H3K4me3 ChIP-seq data for growing oocyte (d15, [13]) were reanalysed. ChIP-seq reads over CGIs and promoters of oocyte-expressed transcripts were counted using HTSeq ( DESeq was used to normalise read counts for differences in sequencing depth between samples, to robustly estimate the variance of read counts between samples, and to variance-stabilise and log-transform the read count data [54]. Subsequently, regions enriched for H3K4me3 in the two IP samples compared to the inputs were identified from a linear model fitted with limma [55].

Cfp1 ChIP-seq data [29] were reanalysed using USeq [56] and MACS [57] with the default parameters. Since input DNA data were not available, we used the input samples for a CTCF ChIP-seq experiment in the same tissue (whole mouse brain) instead [58]. The sequence reads for the input samples were trimmed to be equal in length to the immunoprecipitated (IP) samples.

CpG island classification

CGIs were classified into distinct classes related to their location relative to oocyte expressed transcripts for which the strand of origin could be determined by Cufflinks. Promoter-associated CGIs (PA) overlap a 1 kbp region (enriched in H3K4me3) around the TSS by at least 1 bp. Intragenic CGIs are located within a transcript, at least 1 kbp distant from the TSS. Distal intragenic CGIs overlap the 1 kbp region downstream from the end of the transcript. End-associated CGIs overlap the 1 kbp region around either the start or the end of a transcript that lacks strand information.

CpG periodicity

The empirical distribution of the expected number of CpG pairs at distances from 0 to 1,000 bp was generated for each CGI from 1,000 independent permutations of its nucleotides while maintaining the original frequencies of all dinucleotides (dinucleotide frequency-invariant DNA sequence shuffling [25]). The CpG positions in each shuffled version of the sequence were recorded. From these positions, a pair-wise distance matrix was created. For each distance D from 0 to 1,000 or, if smaller, the length of the island L less two (the maximum distance between two CpGs in a sequence of length L is L-2), the number of CpG pairs was counted. For each distance D, the 1,000 counts generated from the 1,000 permutations of a sequence S form the empirical, expected distribution of the number of CpG pairs at distance D in S. Using this empirical distribution for S, the rank and corresponding empirical P value of the actually observed number of CpG pairs at distance D in S was determined. To test the significance of the number of CpG pairs at distances between 8 and 10 bp, the counts for these distances were added for each of the 1,000 permutations of S as well as for the original sequence S. The empirical p-value for this range of distances was then determined as above (the significance threshold was 0.05).

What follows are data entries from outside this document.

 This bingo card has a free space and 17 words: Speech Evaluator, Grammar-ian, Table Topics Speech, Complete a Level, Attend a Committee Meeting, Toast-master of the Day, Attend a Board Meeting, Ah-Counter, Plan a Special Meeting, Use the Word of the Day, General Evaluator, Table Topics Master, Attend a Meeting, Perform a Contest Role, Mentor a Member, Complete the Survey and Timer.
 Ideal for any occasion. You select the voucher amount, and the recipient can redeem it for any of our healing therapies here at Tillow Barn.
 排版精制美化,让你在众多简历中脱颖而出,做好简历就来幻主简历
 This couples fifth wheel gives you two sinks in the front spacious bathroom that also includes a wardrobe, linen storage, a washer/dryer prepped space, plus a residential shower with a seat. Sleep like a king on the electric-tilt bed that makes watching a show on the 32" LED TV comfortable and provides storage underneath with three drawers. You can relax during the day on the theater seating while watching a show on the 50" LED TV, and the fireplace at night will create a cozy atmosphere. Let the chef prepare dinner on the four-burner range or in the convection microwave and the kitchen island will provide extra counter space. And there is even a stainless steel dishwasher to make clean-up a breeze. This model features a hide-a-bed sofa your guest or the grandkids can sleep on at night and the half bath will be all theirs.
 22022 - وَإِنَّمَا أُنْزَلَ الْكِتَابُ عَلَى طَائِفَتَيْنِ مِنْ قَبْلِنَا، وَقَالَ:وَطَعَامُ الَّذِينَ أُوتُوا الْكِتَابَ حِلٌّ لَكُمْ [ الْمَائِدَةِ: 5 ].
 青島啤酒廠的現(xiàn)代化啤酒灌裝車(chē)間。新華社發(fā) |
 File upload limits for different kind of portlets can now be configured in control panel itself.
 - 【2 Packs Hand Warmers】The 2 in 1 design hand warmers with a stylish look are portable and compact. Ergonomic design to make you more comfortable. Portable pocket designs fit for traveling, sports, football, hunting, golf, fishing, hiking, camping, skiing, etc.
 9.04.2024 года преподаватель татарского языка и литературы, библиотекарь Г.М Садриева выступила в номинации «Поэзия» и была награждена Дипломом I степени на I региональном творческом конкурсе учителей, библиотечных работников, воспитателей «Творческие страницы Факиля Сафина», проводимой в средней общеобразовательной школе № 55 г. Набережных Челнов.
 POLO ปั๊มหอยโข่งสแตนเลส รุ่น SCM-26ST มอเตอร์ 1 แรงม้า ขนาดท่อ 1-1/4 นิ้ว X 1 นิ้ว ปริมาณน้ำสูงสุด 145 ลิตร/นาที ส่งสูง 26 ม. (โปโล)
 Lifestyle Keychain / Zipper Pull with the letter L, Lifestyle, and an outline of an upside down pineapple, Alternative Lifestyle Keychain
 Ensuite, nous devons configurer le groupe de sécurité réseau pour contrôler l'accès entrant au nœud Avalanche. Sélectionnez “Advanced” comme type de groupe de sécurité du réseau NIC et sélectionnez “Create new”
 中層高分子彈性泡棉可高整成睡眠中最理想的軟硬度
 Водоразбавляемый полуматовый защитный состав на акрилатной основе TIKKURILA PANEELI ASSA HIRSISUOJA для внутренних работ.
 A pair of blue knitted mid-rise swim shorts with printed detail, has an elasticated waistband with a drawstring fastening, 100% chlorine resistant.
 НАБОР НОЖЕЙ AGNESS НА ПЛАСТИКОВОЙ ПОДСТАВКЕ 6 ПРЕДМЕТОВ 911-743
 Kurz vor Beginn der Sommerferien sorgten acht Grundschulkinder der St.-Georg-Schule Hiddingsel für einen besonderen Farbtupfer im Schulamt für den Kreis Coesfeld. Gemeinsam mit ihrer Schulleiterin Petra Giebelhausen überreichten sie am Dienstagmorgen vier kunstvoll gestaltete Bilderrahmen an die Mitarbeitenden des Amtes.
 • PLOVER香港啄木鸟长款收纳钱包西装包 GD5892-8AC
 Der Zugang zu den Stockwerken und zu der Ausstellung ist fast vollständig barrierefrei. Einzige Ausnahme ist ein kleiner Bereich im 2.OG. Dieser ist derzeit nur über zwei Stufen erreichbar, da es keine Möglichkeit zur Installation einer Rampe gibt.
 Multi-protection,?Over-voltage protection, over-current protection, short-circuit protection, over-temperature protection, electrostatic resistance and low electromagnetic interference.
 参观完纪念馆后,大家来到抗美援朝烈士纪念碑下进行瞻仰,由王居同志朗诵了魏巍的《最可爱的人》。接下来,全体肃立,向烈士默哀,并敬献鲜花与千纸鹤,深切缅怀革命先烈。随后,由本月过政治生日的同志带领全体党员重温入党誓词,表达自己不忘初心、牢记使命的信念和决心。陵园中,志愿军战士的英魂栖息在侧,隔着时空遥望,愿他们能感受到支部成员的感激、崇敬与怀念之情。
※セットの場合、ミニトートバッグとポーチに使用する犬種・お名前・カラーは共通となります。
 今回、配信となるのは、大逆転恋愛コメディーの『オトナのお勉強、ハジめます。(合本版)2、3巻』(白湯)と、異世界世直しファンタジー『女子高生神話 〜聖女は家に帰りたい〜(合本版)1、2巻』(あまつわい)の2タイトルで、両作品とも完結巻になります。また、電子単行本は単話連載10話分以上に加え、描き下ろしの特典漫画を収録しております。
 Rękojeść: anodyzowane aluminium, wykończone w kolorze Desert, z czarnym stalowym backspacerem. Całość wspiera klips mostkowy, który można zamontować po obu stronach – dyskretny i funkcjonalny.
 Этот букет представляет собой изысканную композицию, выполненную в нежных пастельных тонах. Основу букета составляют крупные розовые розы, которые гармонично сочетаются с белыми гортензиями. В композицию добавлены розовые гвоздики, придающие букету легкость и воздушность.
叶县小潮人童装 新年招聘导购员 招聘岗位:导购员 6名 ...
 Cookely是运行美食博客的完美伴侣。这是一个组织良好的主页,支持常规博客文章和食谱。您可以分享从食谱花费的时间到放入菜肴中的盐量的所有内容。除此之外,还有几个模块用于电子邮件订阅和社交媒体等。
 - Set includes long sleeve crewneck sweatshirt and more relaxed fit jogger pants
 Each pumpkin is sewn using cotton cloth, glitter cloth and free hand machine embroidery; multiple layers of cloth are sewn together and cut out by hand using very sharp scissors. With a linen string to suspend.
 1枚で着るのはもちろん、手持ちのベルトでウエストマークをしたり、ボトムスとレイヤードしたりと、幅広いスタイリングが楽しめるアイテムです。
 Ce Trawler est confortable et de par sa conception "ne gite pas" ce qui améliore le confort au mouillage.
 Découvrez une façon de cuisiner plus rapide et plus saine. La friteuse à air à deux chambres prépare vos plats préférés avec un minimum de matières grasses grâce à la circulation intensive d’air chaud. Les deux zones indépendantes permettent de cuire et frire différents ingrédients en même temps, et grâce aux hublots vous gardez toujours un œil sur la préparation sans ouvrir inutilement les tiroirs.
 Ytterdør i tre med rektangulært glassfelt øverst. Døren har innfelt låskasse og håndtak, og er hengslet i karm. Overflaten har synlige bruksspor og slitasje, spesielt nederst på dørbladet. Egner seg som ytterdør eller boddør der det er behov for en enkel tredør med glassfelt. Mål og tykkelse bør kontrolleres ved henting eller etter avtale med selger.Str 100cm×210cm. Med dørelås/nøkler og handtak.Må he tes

From the permutation-generated expected distributions, for each S and D, the expected number of CpG pairs in sequence S at distance D was derived by averaging the counts obtained from the 1,000 permutations of S. The expected number for S and D was used to normalise the number of actually observed CpG pairs at distance D in S, that is, observed over expected ratios (obs/exp) were generated. Finally, the obs/exp ratios for each distance D were averaged over all sequences in a CGI category with L - 2 ≥ D, where L is the length of the sequence, that is, excluding sequences that are too short to contain CpG pairs at distance D.

Re-analysis of E2F1 ChIP-seq in MCF7 cells

SRA files with the E2F1 ChIP-seq (SRR167632-3) and input (SRR167638-40) reads were downloaded from the NCBI Short Read Archive, converted to FASTQ with fastq-dump from the SRA toolkit v2.3.5, and aligned to the GRCh37 (hg19) human reference genome using Novoalign v3.02.07. Calling of regions significantly enriched in the E2F1 ChIP-seq samples over input and identification of enriched DNA sequence motifs within those regions was performed using GEM v2.4.1 [59].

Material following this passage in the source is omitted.